Internacional

El Rallye Safari ya no es lo que era

El que antaño fuese el ejemplo máximo de dureza de los rallyes, celebró una edición caótica con muchos problemas deportivos y extradeportivos.

Renovarse o morir. El que antaño fuese considerado el rallye más duro del Mundial, el Rallye Safari de Kenia, celebró este fin de semana su 65º edición con un renovado formato mucho más corto y compacto.

Con apenas 200 km cronometrados repartidos en dos etapas y nueve tramos – lejos de aquellos itinerarios de miles de kilómetros que obligan a los equipos mundialistas a preparar coches especiales para esta carrera – el Rallye Safari 2017 estuvo dominado por el finlandés afincado en Kenia, Tapio Laukkanen.

Este veterano ‘finlandés volador’, campeón del Nacional Británico de 1999, se hizo con la victoria en el rallye africano al volante de un Subaru WRX STI. La cita estuvo marcada por el caos organizativo, y es que durante los reconocimientos de los tramos un piloto participante fue atracado a punta de pista.

Tras este lamentable suceso, la confusión fue la tónica habitual de una prueba en la que en muchas de sus especiales los pilotos tuvieron dificultades para seguir el recorrido correcto.

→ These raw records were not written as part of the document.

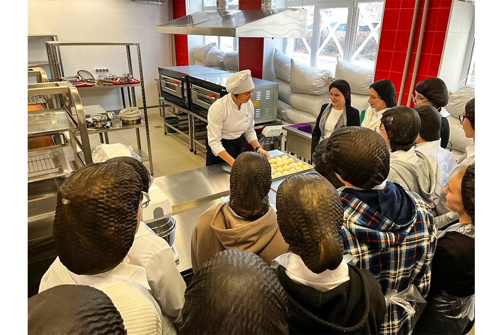 Посвящение в профессию продолжилось мастер-классом по изготовлению сладких кондитерских изделий. Мастерством выпечки поделилась преподаватель Яковлева Елизавета Михайловна, а тонкостями работы с тестом – наставники, студенты-старшекурсники.
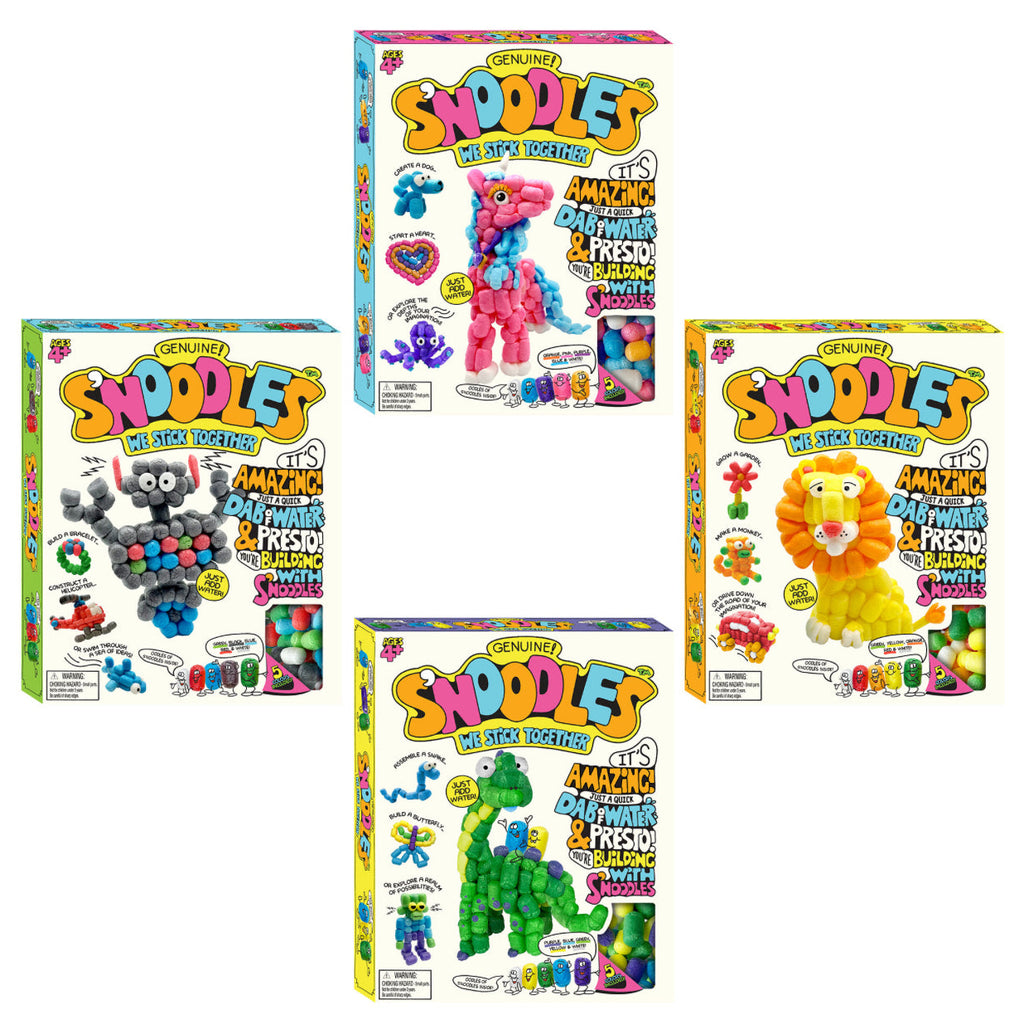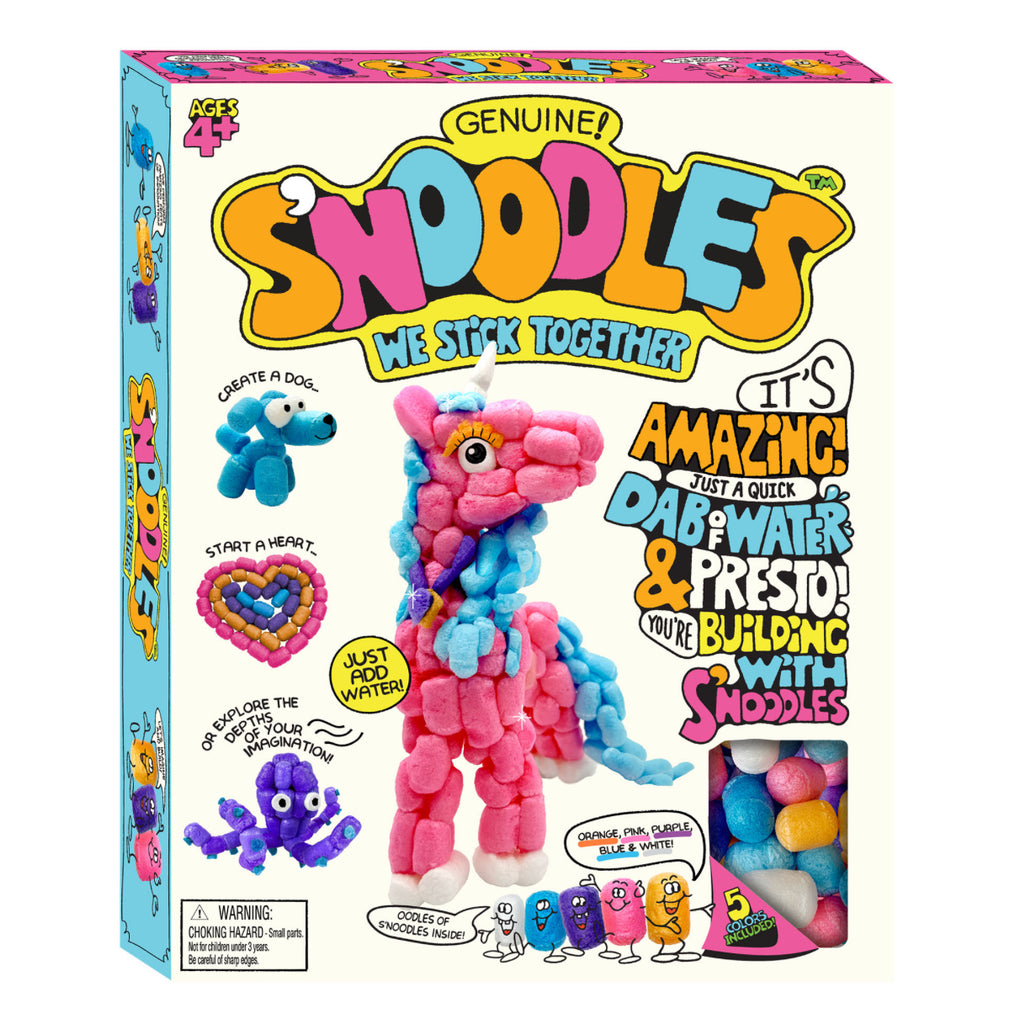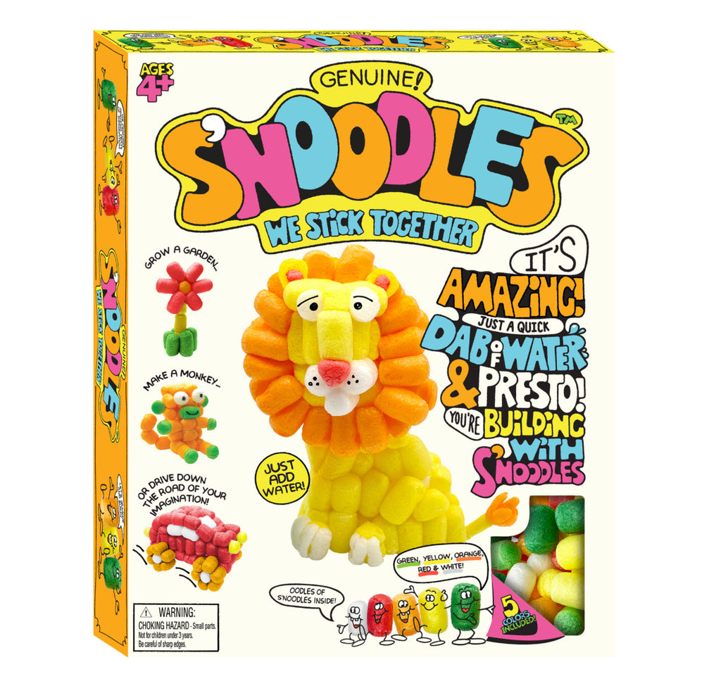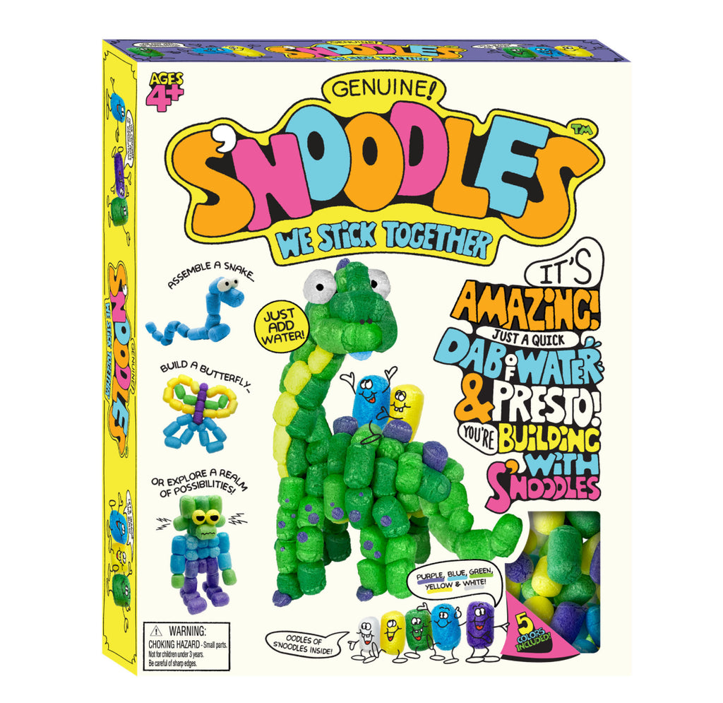 Unleash creativity with Schylling S’NOODLES, the biodegradable craft kit designed for big imaginations! Dip and stick while following the simple instructions, or experiment with your own designs. Each kit includes five fun colors. Choose from 4 designs!
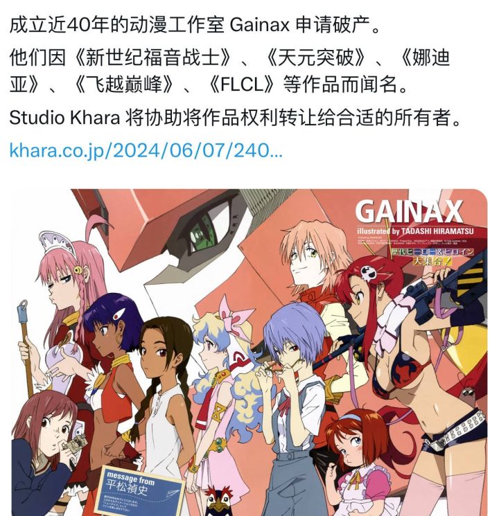 动画公司GAINAX 宣布破产!代表作:新世纪福音战士、天元突破、丹特丽安的书架、花丸幼稚园、吊带袜天使(新作换扳机社制作)等 #今天游戏圈发生了啥
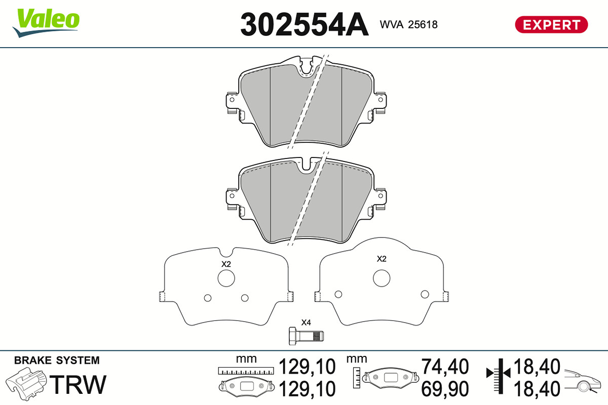 VALEO Bremsbelagsatz, Scheibenbremse 302554A vorne rechts links für ZINORO MINI COWIN TOYOTA BMW (BRILLIANCE) 34106860019 34106884492 04465-WAA02
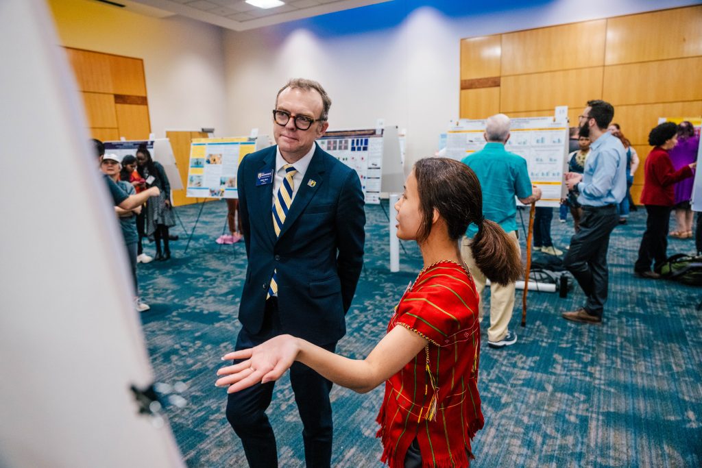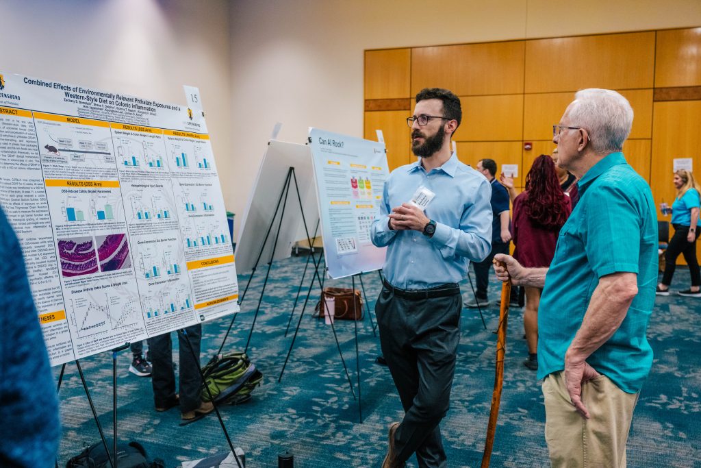 This event is designed to showcase graduate research and creative work to a range of non-specialized audiences. It is not intended to replicate an academic conference in a specific discipline, as students present their work to judges and individuals not in their field of study.
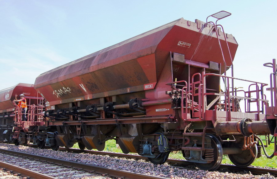 les wagons Trémies D12 de la rame MCK1 à Hombleux le 20-04-2018
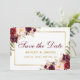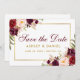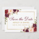 Blommigt för vattenfärg Burgundy Guld Spara datumkort för Förlovning - Burgundy och Guld
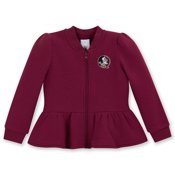 ZooZatz Toddler Girl's Seminole Logo Peplum Full-Zip Crew Fleece - Garnet
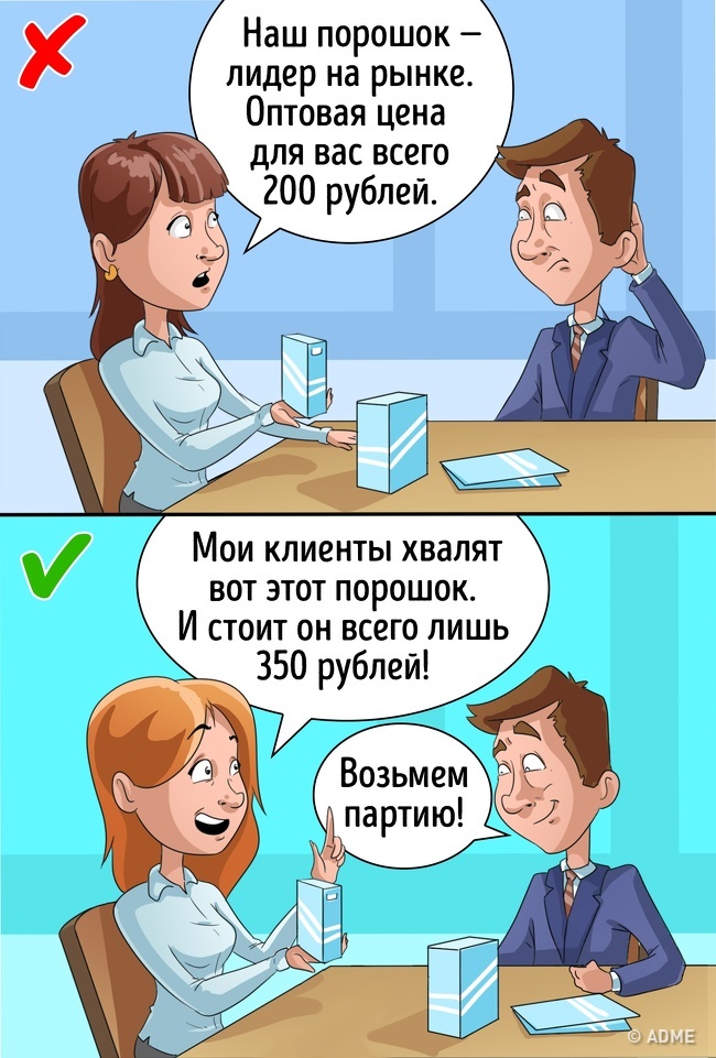 Дослідження показало: на 85 % фінансове благополуччя залежить від таких речей, як індивідуальність, уміння спілкуватися і вести переговори. А лауреат Нобелівської премії психолог Деніел Канеман виявив, що люди охочіше ведуть бізнес з людиною, якій вони подобаються і довіряють, навіть якщо він пропонує більш дорогий продукт.
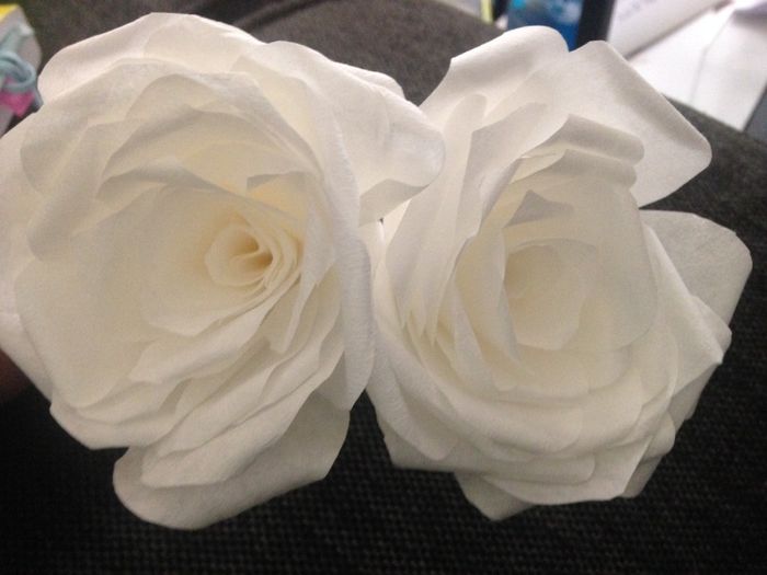 Bonjour, Voici mes essais de lundi pour ma déco, pour l'instant tout est en blanc, quand j'aurais choisit les modèles et le papier ça sera en couleur: pêche et vert d'eau! - fleurs en papier classique: elles sont trop rigides donc je ne vais pas...
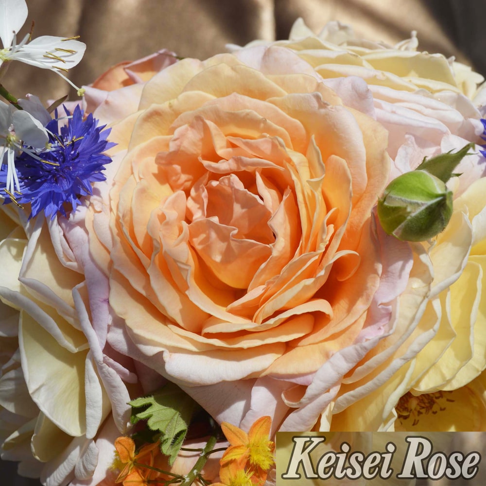 ハイブリッド・ティーローズ系のバラは四季咲き、大輪系。一茎に一輪咲かせて花の見事さを楽しみます。
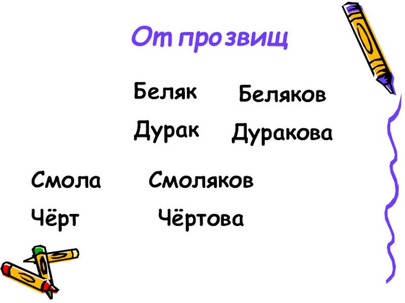От прозвищБелякДуракБеляковДураковаСмолаЧёртСмоляковЧёртова
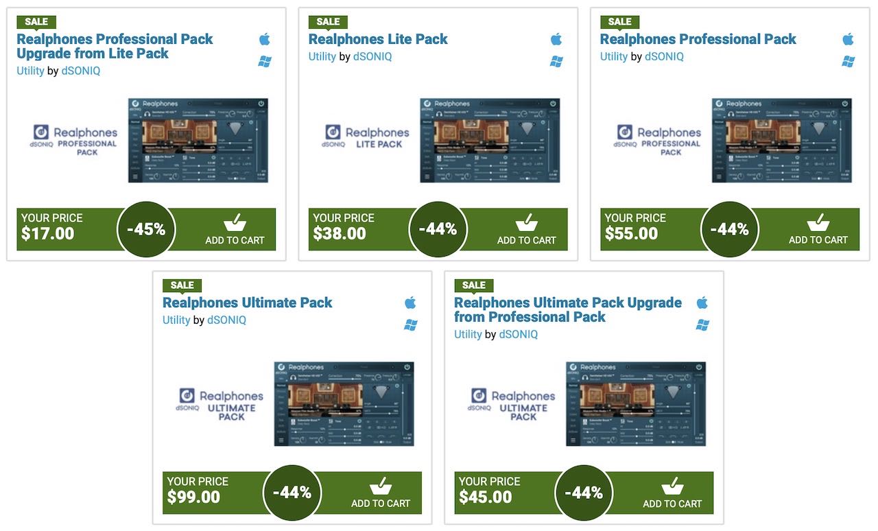 また、中位版の『Realphones Professional Pack』なら、通常価格:99ドル → セール特価:65ドルで購入できます。
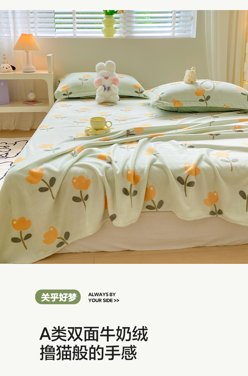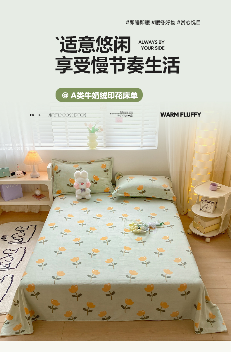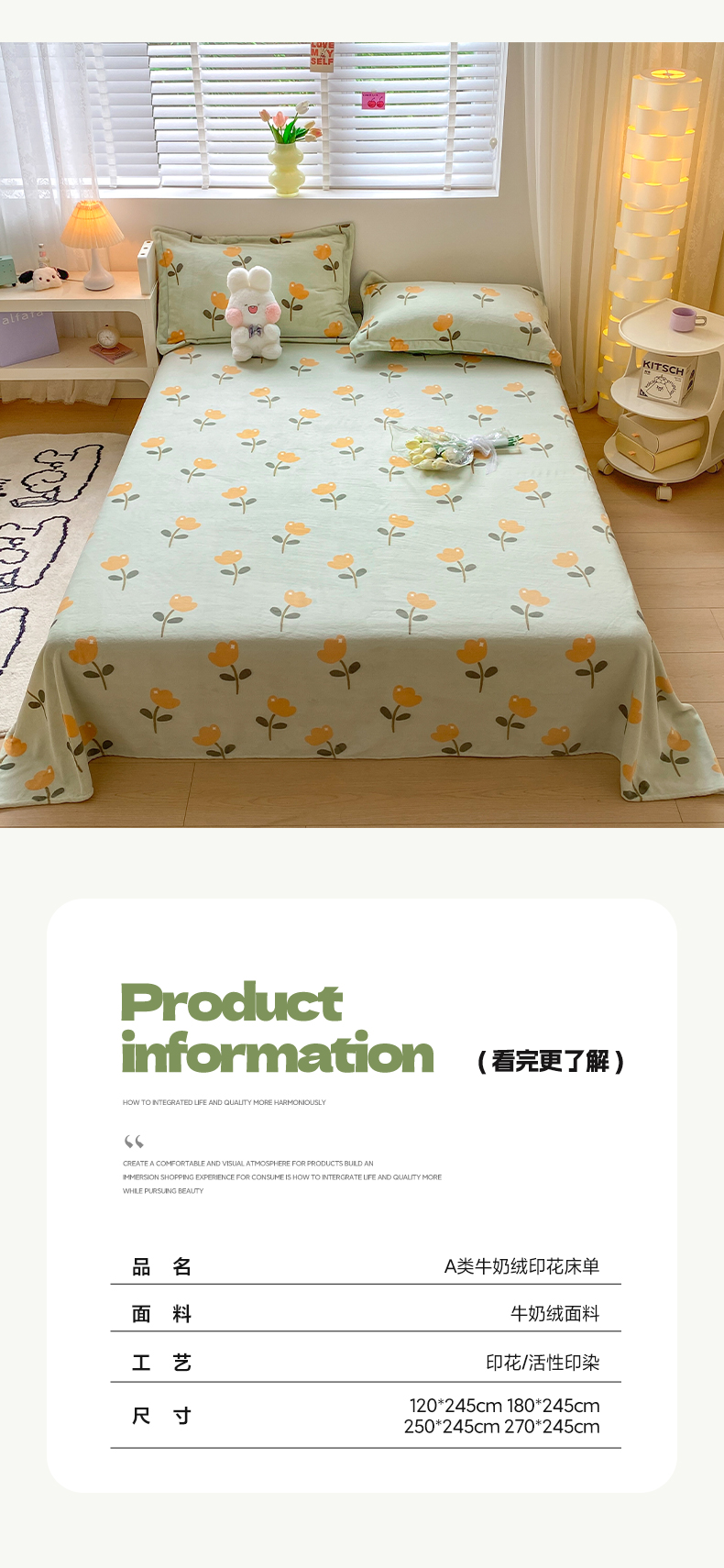 商品名称:金盛纺 2025新款高克重牛奶绒印花系列单床单(可定制) 花仙子
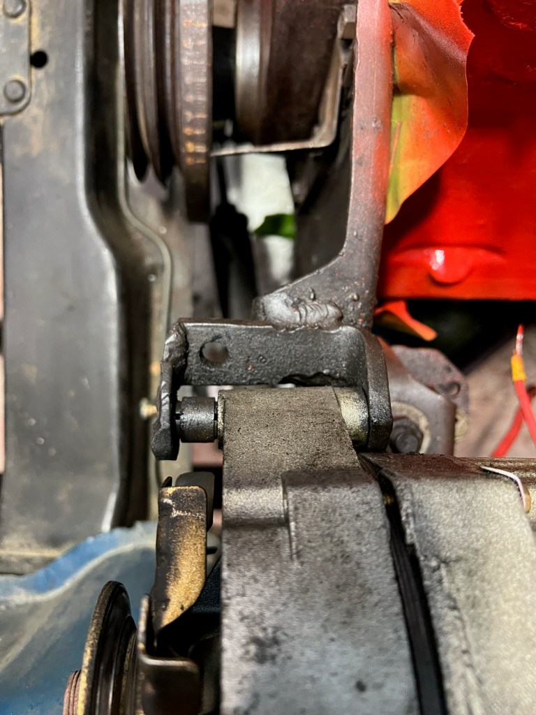 A very shittly welded bracket to modify a GM 1wire alternator to the engine. This was fixed up before going back in.
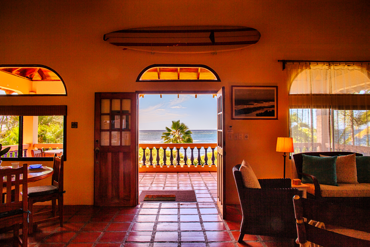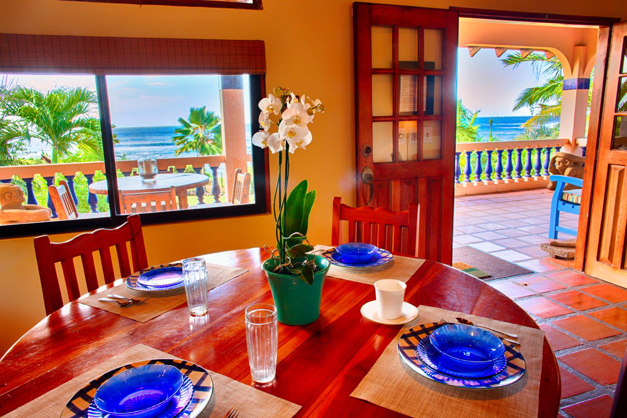 This happy home The current owners of this home are those that bought the lot and built it to their needs. They are moving up in age now and are ready to complete this 20 year cycle of their lives. They designed the home in combination with their lifestyle. Playa Negra's surf was the key to the design, construction and realization of this dream for them. This cute and cozy home is simple and cohesive. When entering the driveway of the 1/3 acre beachfront, one feels like they have come home. It is a simple two story home. On the first floor, the pool awaits on the south side of the home and welcomes you as you enter the stairs to get to the living spaces. Additionally, on this ground level is a secure garage with ample storage and a separate lockable storage space to boot. Step by step as you glide up the stairs the ocean view increases further and greets you as the warm tropical breeze cuddles you. You arrive to a large beachfront covered terrace where the tropical green palms and the deep dark pacific play with the senses. Walk inside the home and you find a cozy kitchen and dining area on the right and a nice living on the left. There are two bedrooms that share a bathroom here as well. This home comes furnished and rental ready.

Además, el mítico tramo de Suswa – conocido por las grandes nubes de polvo en suspensión que generan sus tierras – tuvo que ser cancelado debido a las extremas condiciones de las pistas.

Laukkanen, que llegó a ceder tres minutos tras perderse en un tramo, se benefició del polvo que levantó y que retrasó a sus principales rivales. Tras el finlandés de Subaru finalizó segundo un clásico del Rallye Safari, el local Ian Duncan, completando el podio Carl Tundo tras sufrir un vuelco.